Hi, Francois,

Thank you very much for your reply.

In my study, the time of each trial was 5.5 seconds, first the baseline signal of 0.5 seconds, then the stimulation signal of 5 seconds. There are 30 trails under each experimental condition.

My question is:

(1) The correct calculation method should be as follows: Granger connection is computed for each trial, and the average Granger connection matrix under the experimental conditions is obtained by averaging all trial connection matrices. Am I right?

(2) In addition, for Granger causality analysis, is the length of stimulation signal of 5S long enough (equal to the length of ERP)?

(3) If the length of 5S is too short for Granger connection analysis, is it impossible to use Granger analysis method? Is there any time requirement for other connection methods?

# Is Granger causality analysis a linear operation？

I wonder if it is not better to concatenate all the signals first and then compute the GC, as available directly in the options of the GC process in Brainstorm.

(2) In addition, for Granger causality analysis, is the length of stimulation signal of 5S long enough (equal to the length of ERP)?

(3) If the length of 5S is too short for Granger connection analysis, is it impossible to use Granger analysis method? Is there any time requirement for other connection methods?

I don't know...

@hossein27en?

(1) The correct calculation method should be as follows: Granger connection is computed for each trial, and the average Granger connection matrix under the experimental conditions is obtained by averaging all trial connection matrices. Am I right?

Yes, But you need to subtract the average signal (ERP) of each condition from their corresponding trails before computing the connectivity. We have this option in Brainstorm (remove evoked response).

.(2) In addition, for Granger causality analysis, is the length of stimulation signal of 5S long enough (equal to the length of ERP)?

It depends on your sampling rate and other factors, like how many parameters you have, but roughly should be okay.

(3) If the length of 5S is too short for Granger connection analysis, is it impossible to use Granger analysis method? Is there any time requirement for other connection methods?

Since you have 30 trails it should give you an acceptable SNR.

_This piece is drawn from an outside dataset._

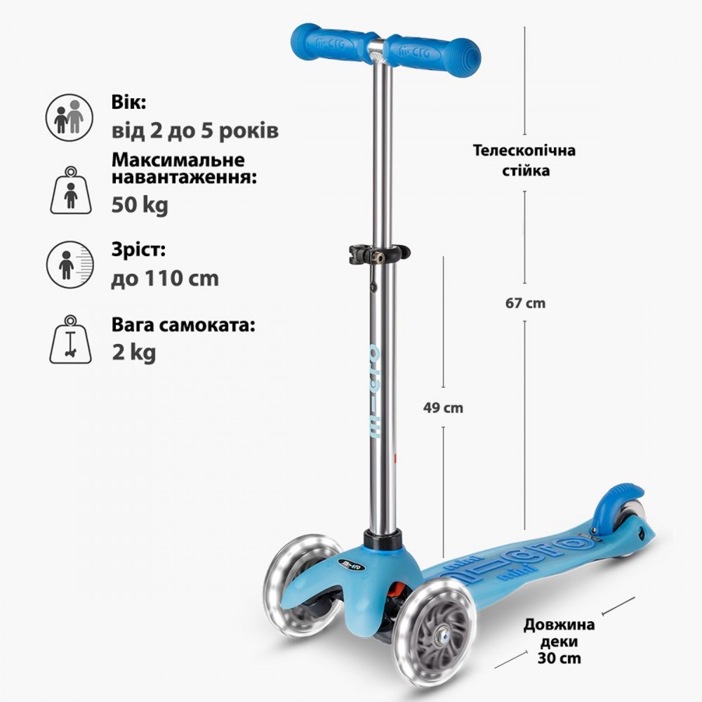 Дитячий самокат - це не лише активне фізичне навантаження. З його допомогою у дитини покращуються баланс, координація і моторика. І для цього самокат має бути високотехнологічним і безпечним. Тому самокати Micro Mini Deluxe Glow LED мають ряд особливостей:

Thank you very much for your reply.

One of my processes is not clear.

(1) First, source estimation is performed for each trial.

(2) Define Scouts of interest in source space

(3) Granger causality analysis was conducted among interested scouts, and the option of removing evoked response was checked.

(4) The Granger analysis results of each participant are the average of the Granger connection matrices of multiple trials (at this time, one participant corresponds to an average connection matrix).

(5) The average result of all participants is the average of the connection matrix of each subject.

(6) Setting the appropriate threshold to determine the causal connection between scouts.

Is the above process correct?

In addition, I found that when calculating in source space, the results are the same regardless of whether the option （remove evoked response） is chosen or not.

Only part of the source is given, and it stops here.